> [Dataset excerpt]:

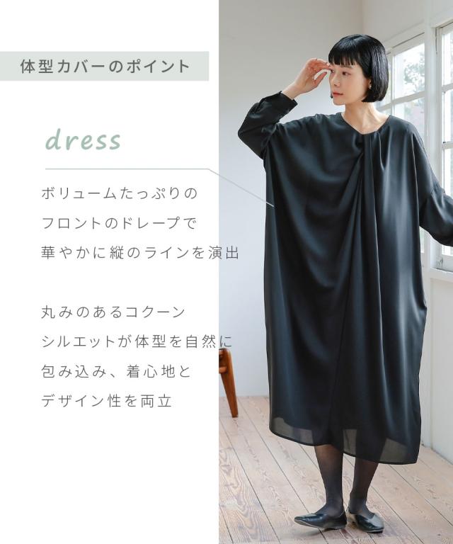 喪服 礼服 ブラックフォーマル レディース 日本製生地使用 洗える防しわドレープコクーン デザイン ワンピース 〔Neina〕 春 夏 秋 冬 | M/L | ニッセン nissen
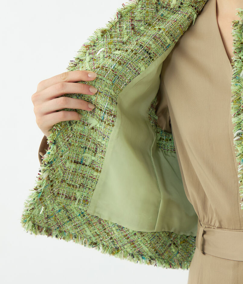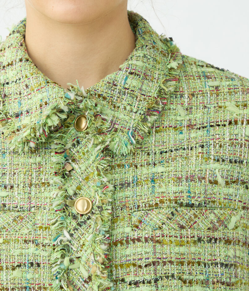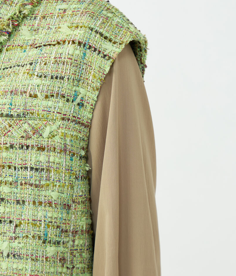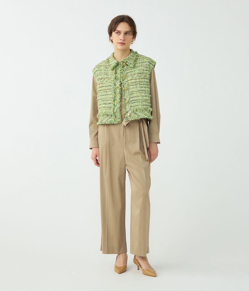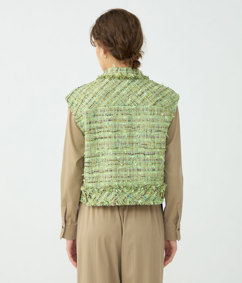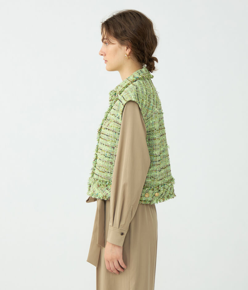 鮮やかで上品なミントグリーンが目を惹くツイード素材を使用したジレ。
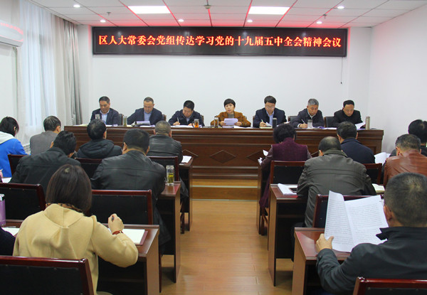 会议组织学习了中国共产党第十九届中央委员会第五次全体会议公报,传达了市委常委、区委书记蔡邦银关于传达贯彻十九届五中全会精神的要求。会议要求,要充分认识党的十九届五中全会召开的重大意义,深刻领会“十三五”以来决胜全面建成小康社会取得的决定性成就,切实增强“四个意识”、坚定“四个自信”、做到“两个维护”。要把学习贯彻党的十九届五中全会精神作为当前和今后一个时期的重大政治任务,按照市委常委、区委书记蔡邦银提出的贯彻要求,组织机关各级党组织、全体党员干部认真学习好党的十九届五中全会精神特别是习近平总书记的重要讲话精神,深刻领会好党的十九届五中全会精神实质,自觉把思想和行动统一到全会精神和党中央决策部署上来。要充分发挥各级人大代表的作用,组织宣传好党的十九届五中全会精神,不断增强政治责任感和历史使命感,迅速兴起学习宣传贯彻热潮。要依法履职尽责,统筹做好“十四五”规划纲要的前期调研、明年各项工作的谋划,全面完成年度各项目标任务,不断推动人大工作与时俱进、创新发展。

> [Task item]:
Word for word, write out the full listing, leaving the pictures aside.

> [Answer below]:
 喪服 礼服 ブラックフォーマル レディース 日本製生地使用 洗える防しわドレープコクーン デザイン ワンピース 〔Neina〕 春 夏 秋 冬 | M/L | ニッセン nissen
 鮮やかで上品なミントグリーンが目を惹くツイード素材を使用したジレ。
 会议组织学习了中国共产党第十九届中央委员会第五次全体会议公报,传达了市委常委、区委书记蔡邦银关于传达贯彻十九届五中全会精神的要求。会议要求,要充分认识党的十九届五中全会召开的重大意义,深刻领会“十三五”以来决胜全面建成小康社会取得的决定性成就,切实增强“四个意识”、坚定“四个自信”、做到“两个维护”。要把学习贯彻党的十九届五中全会精神作为当前和今后一个时期的重大政治任务,按照市委常委、区委书记蔡邦银提出的贯彻要求,组织机关各级党组织、全体党员干部认真学习好党的十九届五中全会精神特别是习近平总书记的重要讲话精神,深刻领会好党的十九届五中全会精神实质,自觉把思想和行动统一到全会精神和党中央决策部署上来。要充分发挥各级人大代表的作用,组织宣传好党的十九届五中全会精神,不断增强政治责任感和历史使命感,迅速兴起学习宣传贯彻热潮。要依法履职尽责,统筹做好“十四五”规划纲要的前期调研、明年各项工作的谋划,全面完成年度各项目标任务,不断推动人大工作与时俱进、创新发展。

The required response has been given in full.